[Entries shown]

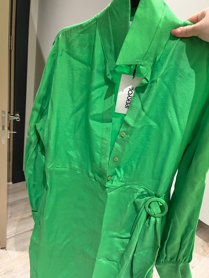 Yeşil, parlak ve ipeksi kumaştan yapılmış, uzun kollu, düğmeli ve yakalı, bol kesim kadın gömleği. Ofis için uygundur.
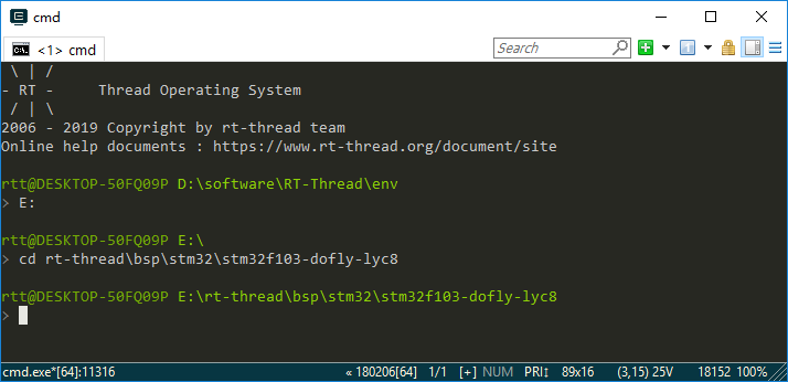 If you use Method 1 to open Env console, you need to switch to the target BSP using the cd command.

[/Entries shown]
[Entries shown]

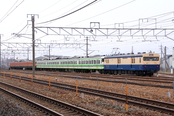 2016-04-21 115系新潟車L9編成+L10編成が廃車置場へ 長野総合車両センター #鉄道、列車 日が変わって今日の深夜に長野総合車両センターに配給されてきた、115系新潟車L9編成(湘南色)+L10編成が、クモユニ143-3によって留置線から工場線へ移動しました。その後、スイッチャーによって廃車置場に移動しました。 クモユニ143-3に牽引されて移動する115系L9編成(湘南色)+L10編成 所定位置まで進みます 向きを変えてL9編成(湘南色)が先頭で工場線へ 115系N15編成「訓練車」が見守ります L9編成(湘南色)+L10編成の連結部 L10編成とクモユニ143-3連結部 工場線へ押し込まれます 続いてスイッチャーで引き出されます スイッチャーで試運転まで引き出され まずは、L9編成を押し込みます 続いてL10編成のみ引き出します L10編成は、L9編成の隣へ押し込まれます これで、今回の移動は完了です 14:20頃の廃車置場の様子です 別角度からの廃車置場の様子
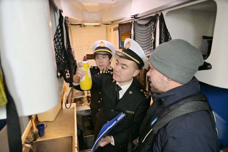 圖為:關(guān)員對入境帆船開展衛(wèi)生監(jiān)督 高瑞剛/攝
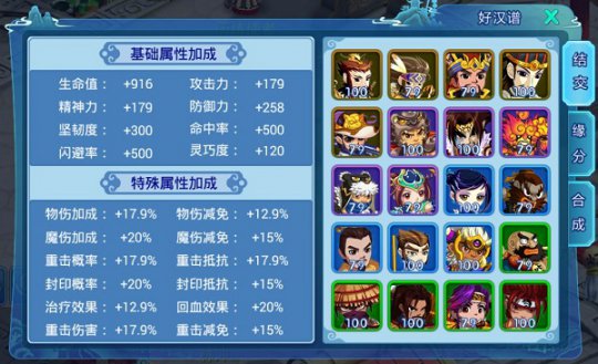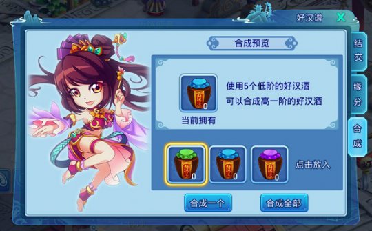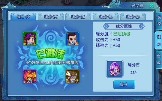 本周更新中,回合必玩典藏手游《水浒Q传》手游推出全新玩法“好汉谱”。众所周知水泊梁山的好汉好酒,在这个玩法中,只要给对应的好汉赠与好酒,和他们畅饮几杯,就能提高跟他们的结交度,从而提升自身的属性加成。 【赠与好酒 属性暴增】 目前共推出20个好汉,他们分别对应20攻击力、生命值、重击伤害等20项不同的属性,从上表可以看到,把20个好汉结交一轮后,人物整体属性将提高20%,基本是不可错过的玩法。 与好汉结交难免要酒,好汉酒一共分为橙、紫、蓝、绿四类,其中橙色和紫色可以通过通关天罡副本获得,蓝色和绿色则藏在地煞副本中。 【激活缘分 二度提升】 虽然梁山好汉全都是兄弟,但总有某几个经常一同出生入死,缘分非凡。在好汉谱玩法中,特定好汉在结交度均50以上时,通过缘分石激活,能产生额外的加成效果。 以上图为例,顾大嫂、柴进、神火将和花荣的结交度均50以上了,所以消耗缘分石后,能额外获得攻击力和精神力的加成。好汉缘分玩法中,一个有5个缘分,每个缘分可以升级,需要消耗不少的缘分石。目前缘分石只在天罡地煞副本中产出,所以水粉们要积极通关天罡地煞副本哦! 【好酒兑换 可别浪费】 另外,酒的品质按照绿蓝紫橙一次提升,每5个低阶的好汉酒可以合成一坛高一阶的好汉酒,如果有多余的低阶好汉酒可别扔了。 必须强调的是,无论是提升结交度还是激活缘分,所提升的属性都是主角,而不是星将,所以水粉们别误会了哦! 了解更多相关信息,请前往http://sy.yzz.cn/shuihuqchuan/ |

[/Entries shown]

Write out the lines above from the one with "Yeşil, parlak ve" through the one with "If you use Method", ends included, exactly; no picture goes in.

 Yeşil, parlak ve ipeksi kumaştan yapılmış, uzun kollu, düğmeli ve yakalı, bol kesim kadın gömleği. Ofis için uygundur.
 If you use Method 1 to open Env console, you need to switch to the target BSP using the cd command.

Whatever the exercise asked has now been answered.